DESCRIPTION OF THE TASK —
Word for word, print each line of the listing below; pictures stay out.

GIVEN MATERIAL —
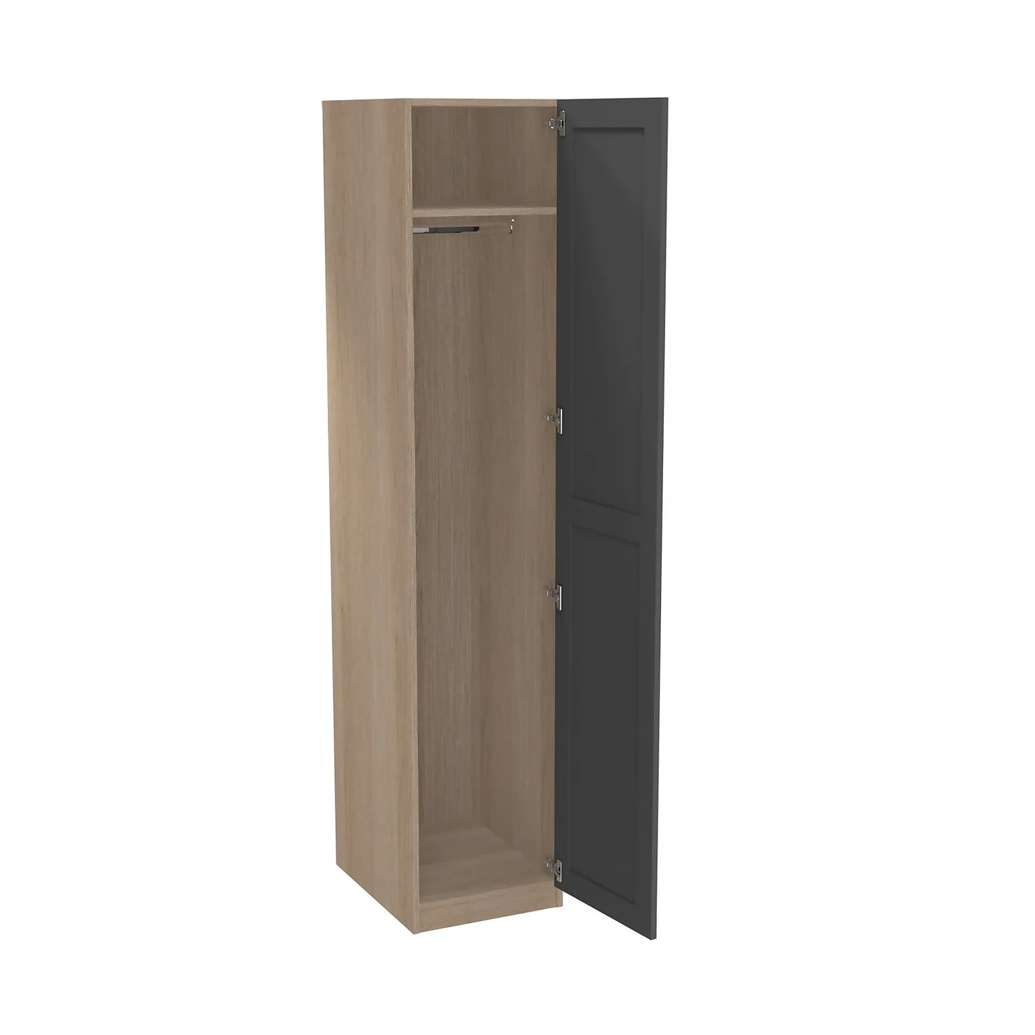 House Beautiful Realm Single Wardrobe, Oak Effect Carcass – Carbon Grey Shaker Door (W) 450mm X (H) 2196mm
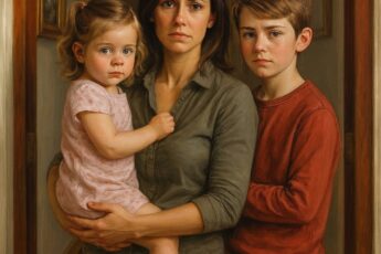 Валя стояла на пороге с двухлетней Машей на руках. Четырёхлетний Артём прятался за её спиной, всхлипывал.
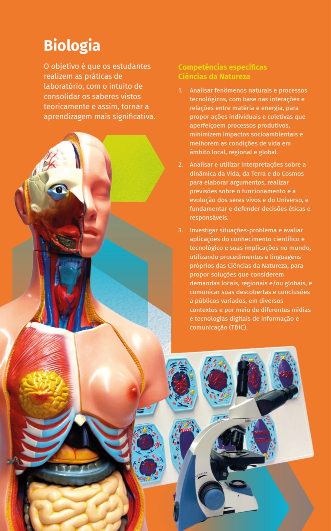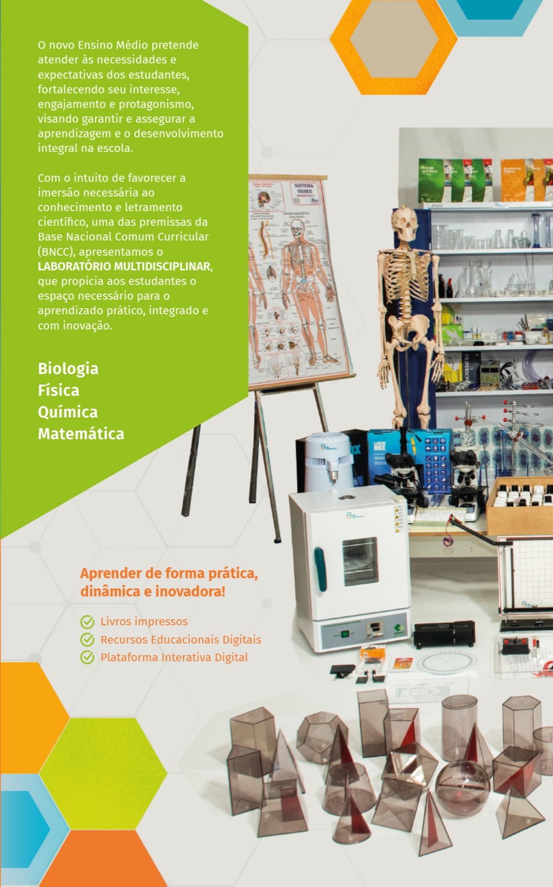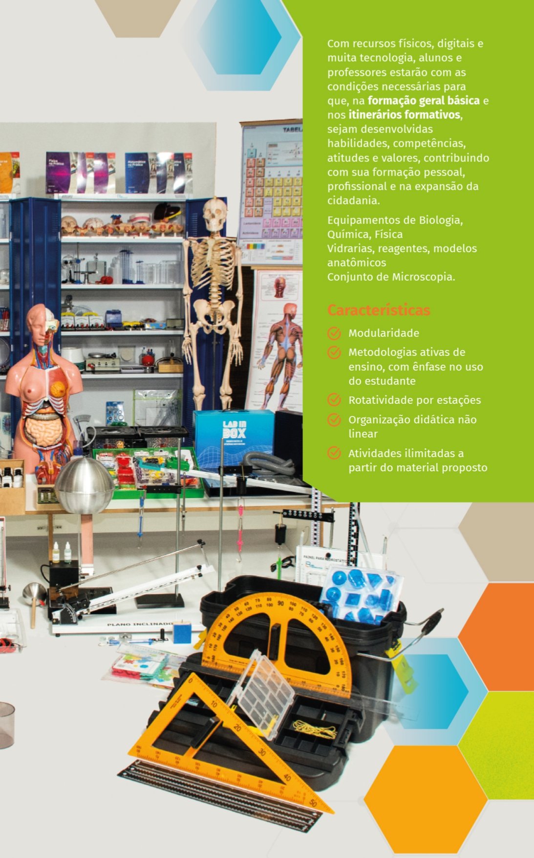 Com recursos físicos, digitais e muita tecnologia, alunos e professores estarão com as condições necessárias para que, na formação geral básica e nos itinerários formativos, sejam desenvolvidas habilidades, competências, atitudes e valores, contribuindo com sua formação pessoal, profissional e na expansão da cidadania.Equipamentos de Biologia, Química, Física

RESULT OF THE EXERCISE —
 House Beautiful Realm Single Wardrobe, Oak Effect Carcass – Carbon Grey Shaker Door (W) 450mm X (H) 2196mm
 Валя стояла на пороге с двухлетней Машей на руках. Четырёхлетний Артём прятался за её спиной, всхлипывал.
 Com recursos físicos, digitais e muita tecnologia, alunos e professores estarão com as condições necessárias para que, na formação geral básica e nos itinerários formativos, sejam desenvolvidas habilidades, competências, atitudes e valores, contribuindo com sua formação pessoal, profissional e na expansão da cidadania.Equipamentos de Biologia, Química, Física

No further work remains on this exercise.